In 1992 the first extrasolar planets were discovered around a pulsar. More than 4,000 planets have been discovered, many by the Kepler space telescope, which observes the slight dimming of a star when a planet passes in front of it. Many of these planets are unlike those seen in the solar system, and a few orbit within their star’s habitable zones, the orbital space where liquid water (and thus possibly life) could survive on a planet’s surface.
Physics
During the years 1896–1932 the foundations of physics changed so radically that many observers describe this period as a scientific revolution comparable in depth, if not in scope, to the one that took place during the 16th and 17th centuries. The 20th-century revolution changed many of the ideas about space, time, mass, energy, atoms, light, force, determinism, and causality that had apparently been firmly established by Newtonian physics during the 18th and 19th centuries. Moreover, according to some interpretations, the new theories demolished the basic metaphysical assumption of earlier science that the entire physical world has a real existence and objective properties independent of human observation.

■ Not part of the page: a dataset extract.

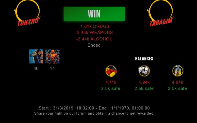 Check my latest fight ! tonyno vs taralimtonyno (36)in #drugwars-fight • 7 years ago #gaming #fight #dw

Closer examination of 19th-century physics shows that Newtonian ideas were already being undermined in many areas and that the program of mechanical explanation was openly challenged by several influential physicists toward the end of the century. Yet there was no agreement as to what the foundations of a new physics might be. Modern textbook writers and popularizers often try to identify specific paradoxes or puzzling experimental results—e.g., the failure to detect Earth’s absolute motion in the Michelson–Morley experiment—as anomalies that led physicists to propose new fundamental theories such as relativity. Historians of science have shown, however, that most of these anomalies did not directly cause the introduction of the theories that later resolved them. As with Copernicus’s introduction of heliocentric astronomy, the motivation seems to have been a desire to satisfy aesthetic principles of theory structure rooted in earlier views of the world rather than a need to account for the latest experiment or calculation.